Há sinais de que o endurecimento das regras impostas pelos principais partidos para responder às preocupações dos eleitores já está a surtir efeito. Segundo as estatísticas, o número de passagens ilegais das fronteiras para a UE diminuiu significativamente desde o pico registado em 2015 dados Da Guarda Europeia de Fronteiras e Costeira e das últimas Dados gerais de migraçãoO número de migrantes de países terceiros que entram na UE continua a diminuir desde 2024

A imigração para o Reino Unido também caiu acentuadamente, com a migração líquida a cair acentuadamente gravado este ano O ONS disse que isto se deveu principalmente a uma queda acentuada nas chegadas de cidadãos de países terceiros.

Mas em Dezembro passado, a nova estratégia de segurança nacional da administração Trump afirmou que se as tendências actuais continuassem, a Europa seria “transformada de forma irreconhecível em 20 anos ou menos” e alertou para a “obliteração da civilização”.

O presidente Donald Trump disse às Nações Unidas no ano passado que os países europeus estavam “indo para o inferno” devido à “migração descontrolada”.

Starmer disse na época que os comentários do presidente eram “incorretos” e aceitou o “desafio” de reprimir a imigração ilegal.

“É uma ironia negra que, num dia que comemora os esforços dos americanos para libertar a Europa do ultranacionalismo e do nazismo, Hegseth tenha combinado uma mensagem sobre a imigração para reavivar o nacionalismo em toda a Europa”, disse Moritz Brake, membro sénior do Centro Alemão de Segurança Avançada, Estratégia e Estudos de Integração, à NBC News.

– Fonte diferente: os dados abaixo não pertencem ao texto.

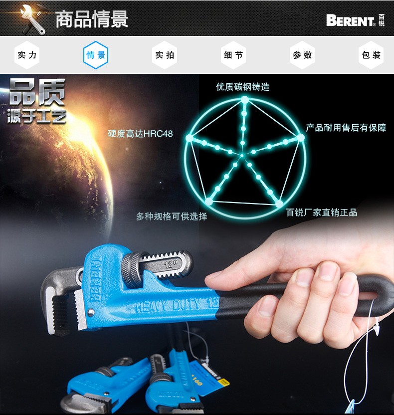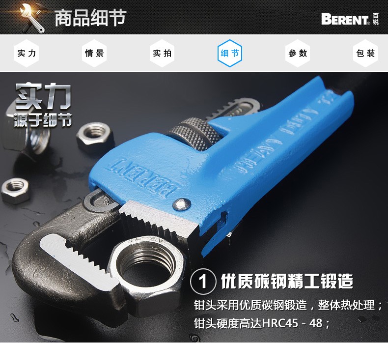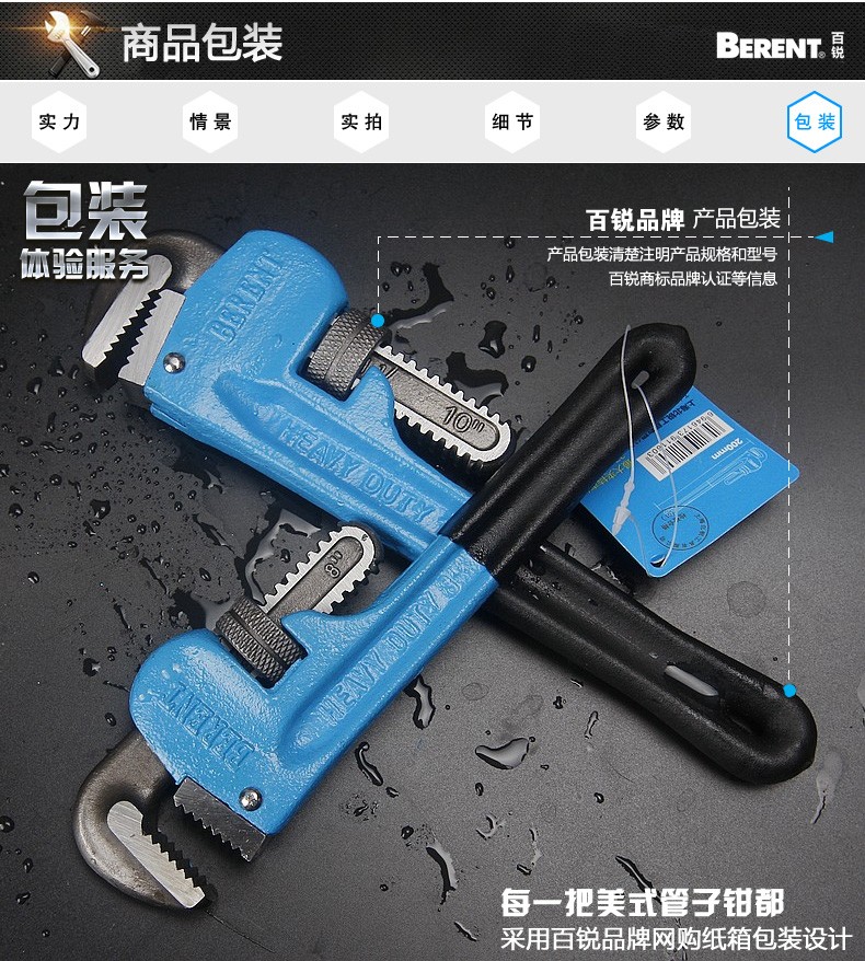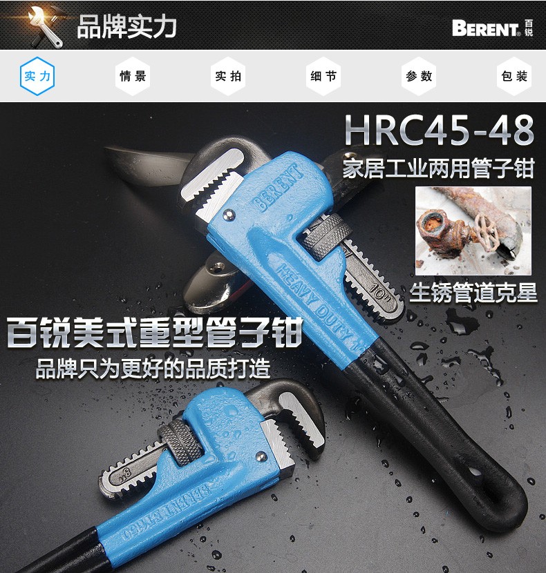 百锐 BERENT水管钳水泵钳圆管钳水管钳夹持快速夹管钳管子钳扳手扳子家用维修工具 BT1160 10

Ele enfatizou que tornar a imigração “benéfica e produtiva” é um dos principais desafios que a Europa enfrenta e, a julgar pelo número de votos obtidos pelos partidos anti-imigração na Europa, “este problema claramente ainda não foi resolvido”.

Outras questões também estão a testar a relação transatlântica. Em Janeiro, Trump disse que iria impor novas tarifas abrangentes a oito grandes aliados europeus, a menos que a Dinamarca concordasse em entregar a Gronelândia, antes de recuar nessas ameaças. A Europa também iniciou conversações com os Estados Unidos na primavera passada, enquanto Trump procurava remodelar o comércio global com tarifas.

Blake disse que a turbulência comercial, juntamente com os comentários de Heggs, eram “outro duro lembrete” de que os Estados Unidos podem não estar mais lá para ajudar a Europa neste momento de necessidade.

Blake acrescentou que, no passado, os Estados Unidos estavam “prontos e dispostos a intervir na causa da democracia e da liberdade”.

Agora, disse ele, “temos que fazer o trabalho nós mesmos”.